Inspector of Liang Province (涼州刺史)
- In office ? – 213
- Monarch: Emperor Xian of Han
- Chancellor: Cao Cao

Personal details
- Born: Unknown Xi'an, Shaanxi
- Died: 213 Gangu County, Gansu
- Relations: Wei Dan (younger brother)
- Parent: Wei Duan (father);
- Occupation: Politician
- Courtesy name: Yuanjiang (元將)

= Wei Kang =

Chinese official and politician (died 213)

Wei Kang (died 213), courtesy name Yuanjiang, was a Chinese politician who lived in the late Eastern Han dynasty of China.

==Early life and career==
Wei Kang was from Jingzhao Commandery (京兆郡), which is around present-day Xi'an, Shaanxi. His father, Wei Duan (韋端), initially served as the Governor (牧) of Liang Province (涼州), but was later recalled to the imperial capital to serve as Minister Coachman (太僕). Kong Rong once told Wei Duan, "Two days ago, Yuanjiang visited me. He is knowledgeable, talented, bright, elegant and resilient. He will become a great man." Wei Kang also had a younger brother, Wei Dan (韋誕), (Note: Wei Dan was also a master calligrapher. According to Hu Zhao's biography in Records of the Three Kingdoms, Wei Dan's calligraphy was widely emulated by others, alongside those of Hu, Handan Chun, Zhong Yao, and Wei Ji (卫觊; father of Wei Guan).) who served as a Household Counsellor (光祿大夫) in the Han imperial court. The Sanfu Juelu recorded that Wei Kang was already eight chi and five cun tall (approximately 1.96 metres) when he was just 14 years old.

Wei Kang was recommended by Xun Yu to join the Han civil service. He initially served as a Registrar (主簿) in Jingzhao Commandery. After Wei Duan was recalled to the imperial capital, Wei Kang took over his father's duties and served as the Inspector (刺史) of Liang Province. The people in Liang Province regarded him highly.

==Siege of Jicheng==

In 211, a coalition of warlords from northwestern China, under the leadership of Ma Chao and Han Sui, started a rebellion in Liang Province against the Han central government, which was headed by Cao Cao. Cao Cao's forces defeated Ma Chao and the coalition at the Battle of Tong Pass.

In the subsequent years, Ma Chao, with support from the Qiang tribes and the warlord Zhang Lu, constantly raided and attacked the lands in Liang Province. At the time, Wei Kang was stationed in Liang Province's capital, Ji (兾; also called Jicheng, in present-day Gangu County, Gansu), which came under siege by Ma Chao. When reinforcements did not show up, Wei Kang sent his subordinate Yan Wen (閻溫) to report the situation to the general Xiahou Yuan and seek help, but Yan Wen was caught and executed by Ma Chao after refusing to surrender.
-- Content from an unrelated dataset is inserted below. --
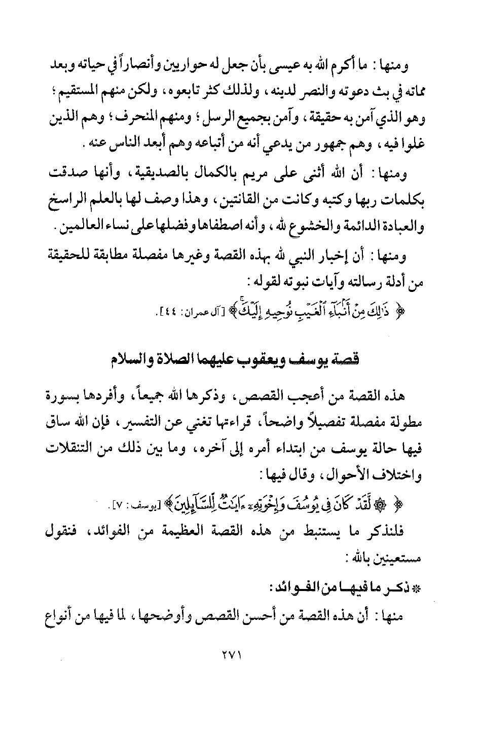 قصة يوسف ويعقوب عليهما الصلاة والسلام هذه القصة من أعجب القصص، وذكرها الله جميعا، وأفردها بسورة مطولة مفصلة تفصيلا واضحا، قراءتها تغني عن التفسير، فإن الله ساق فيها حالة يوسف من ابتداء أمره إلى آخره، وما بين ذلك من التنقلات واختلاف الأحوال، وقال فيها:

Wei Kang and the defenders continued to put up a firm defence.

However, over time, the city gradually ran out of supplies and its defenders and civilian population began to suffer. Wei Kang took pity on the plight of the people and wanted to start peace talks with Ma Chao. Zhao Ang attempted to dissuade him from doing so but was ignored. Yang Fu also tearfully pleaded with Wei Kang to defend the city to the death. However, Wei Kang managed to conclude peace negotiations with Ma Chao, with both sides agreeing to end the conflict. Wei Kang then opened the city gates and surrendered. Ma Chao broke his promise later, killed Wei Kang, seized control of Liang Province, and forced Wei Kang's subordinates to submit to him.